Philosophical fight on homosexuality

Oxford University’s Richard Swinburne, arguably the world’s leading Christian philosopher, recently caused a firestorm when he argued that homosexuality is a disease and homosexual sex is wrong.

Following his comments, a nasty brawl broke out. Notre Dame professor Michael Rea, who is part of the leadership team that invited Swinburne to the Society of Christian Philosophers, apologized for his comments. Yale University professor Jason Stanley was harsher. He responded to Swinburne and people who think like him by posting profanity on Facebook. The phrase was then repeated by Columbia University’s John Collins and University of British Columbia’s Jonathan Jenkins Ichikawa. Dan Steinberg stepped it up, posting, “Fist those guys.” Georgetown University’s Rebecca Kukla outdid them in her posting. Yale, Columbia, etc. are elite institutions and Ichikawa, Kukla, Rea, and Stanley are well-known in philosophy. The controversy reached Inside Higher Education and is still swirling about.

Swinburne gave two arguments in support of his claim that gay sex is wrong. First, God prohibits gay sex (see 1 Corinthians 6:9-10 and Romans 1:24-27). Second, gay sex is wrong because a climate of disapproval would prevent some people from becoming homosexual.

Swinburne argued that homosexuality is a reversible disease (or disability). On his account, it is a disease because a homosexual cannot beget children through a loving act with a lifelong partner. He also argued that homosexuality should not be encouraged because children nurtured by homosexual parents do not do as well in life as those nurtured by heterosexual biological parents.

Swinburne’s arguments fail. First, even if the Bible condemns gay sex, the Bible is unreliable on moral matters. The Bible also condemns money lending (Ezekiel 18:13) and permits slave-owning (Leviticus 25:44-46). These absurdities are enough to disqualify it.

Second, the inability to directly beget children with one’s partner does not show that something is a disease unless we build into the notion of a disease something like Swinburne’s or the Catholic view of sex. This would make medicine depend on theology and they are independent. For example, one can be a fine doctor without knowing anything about Christianity.
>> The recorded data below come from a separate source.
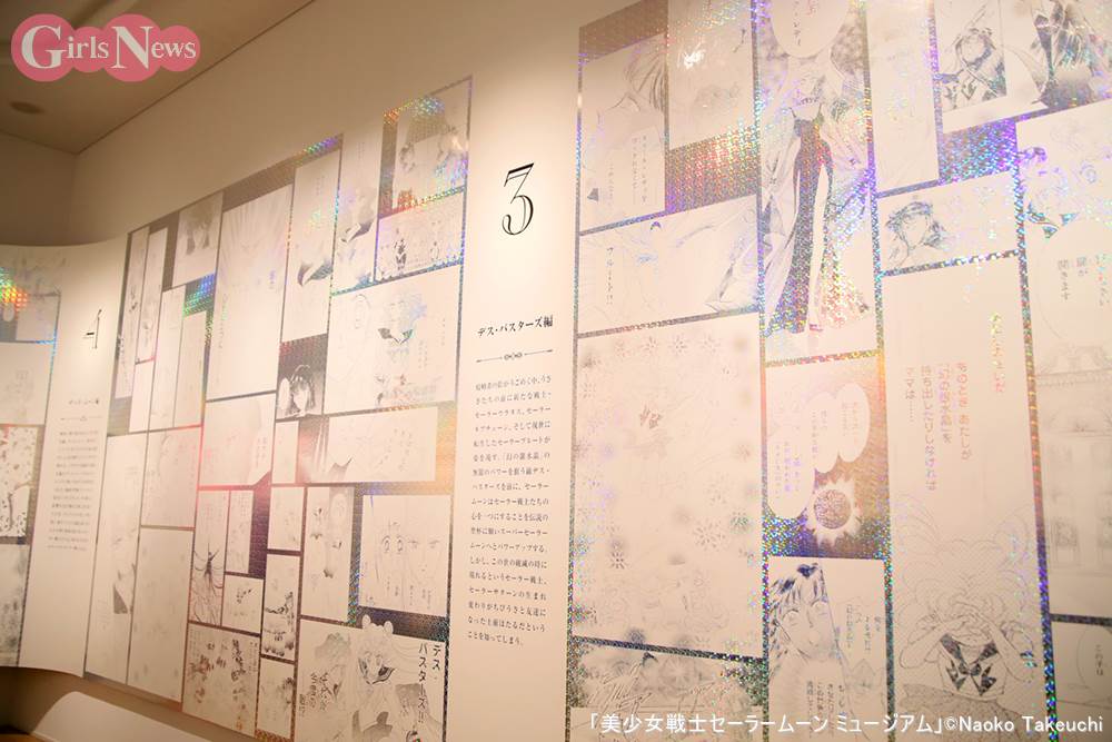 部屋一面に原作漫画の名シーンが散りばめられていてます。ミラーボールの光がホログラムの壁に反射して、部屋中がキラキラしているんですが、セーラームーンのキラキラした世界感を表していると思いました。名ゼリフや名シーンを中心にあらすじが分かるようになっていて、原作を読んでる人は自分の好きなシーンがこんなに大きく描かれていることに感動すると思います。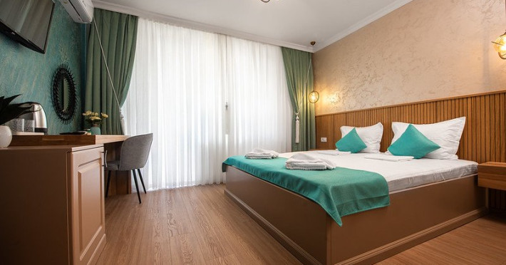 Toate camerele sunt dotate cu pat matrimonial, aer contionat, tv, minibar, baie cu dus, uscator de par, fier de calcat.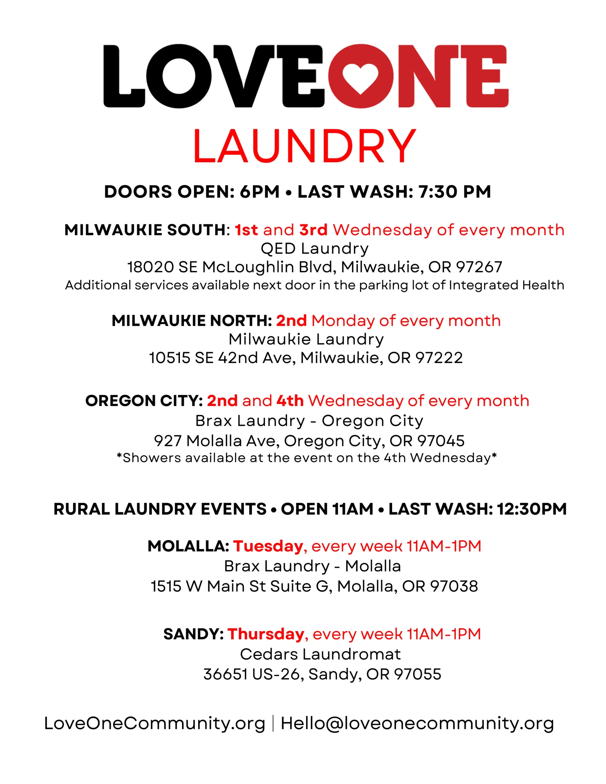 Free laundry services Clackamas County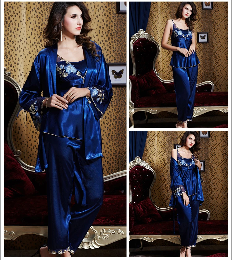 Модель 2017, Женская атласная Шелковая пижама, красный пижамный комплект из трех предметов, кружевная Пижама с вышивкой из искусственного шелка, женские пижамы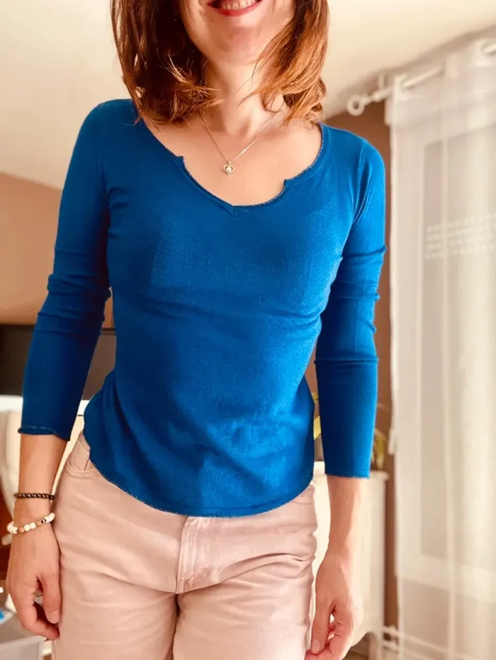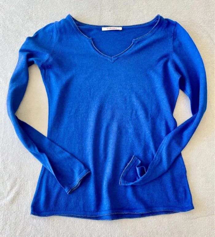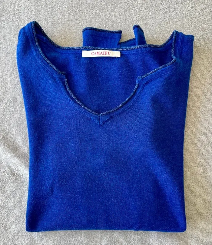 #pullbleuelectrique #pullfin #pullcolv #pullcamaieu #lisereargentesurlecol #lisereargentealataille #taillexs #taille34 #etatneuf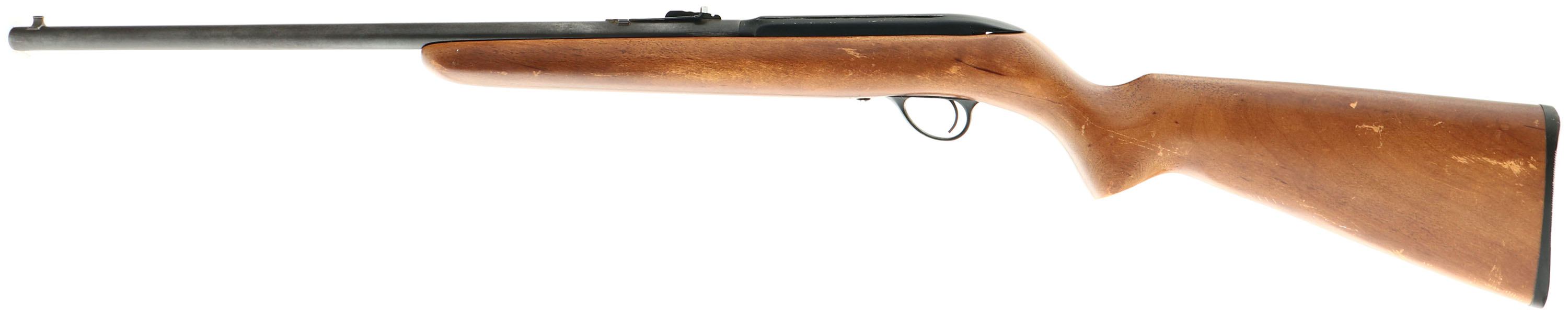 Stevens (Savage Arms), Model 73, .22 S, L, LR Cal., MFG. 1920's-30's, SN: P833594, Bolt Action Single Shot Rifle, 20'' round barrel. The original flat pistol grip wood stock is very good & solid, with some minor scrapes, contusions & scratches to the thinning original finish. The original metal blue finish rates 70% overall. Bore is excellent. The barrel caries an adjustable rear & front blade sight. Stock carries a replaced plastic buttplate. The trigger does not engage & therefore does not fire. Likely needs gunsmith repair & possible parts. Therefore its being sold ''AS-IS'' with no returns. FFL or C&R - Value: 30 to 100

Third, even if homosexuality were a disease (or disability), this does not make gay sex wrong. Infertility is a disability, but this does not make it wrong for a husband to have sex with his infertile wife. If gay sex wrongs no one, then it is not wrong. Even if gay sex encourages children and young adults to be gay, no one has a duty to be a role model, let alone a moral saint. The notion that it wrongs God is even less plausible because God has no right to tell people what they can do with their lives. They are not his chattel slaves.

There are other plausible arguments that homosexuality is a mental disorder. New York University’s Jerry Wakefield has the leading theory of a disorder. His theory is that a disorder is a harmful dysfunction. He asserts that harm is what makes someone’s life go worse. He argues that an individual has a dysfunction when he has an internal body part (or mechanism) that fails to perform its natural function, that is, the function for which evolution designed it. The natural function is on some accounts, although perhaps not Wakefield’s, the part’s contribution to reproduction (more specifically, reproductive fitness) and, perhaps, longevity.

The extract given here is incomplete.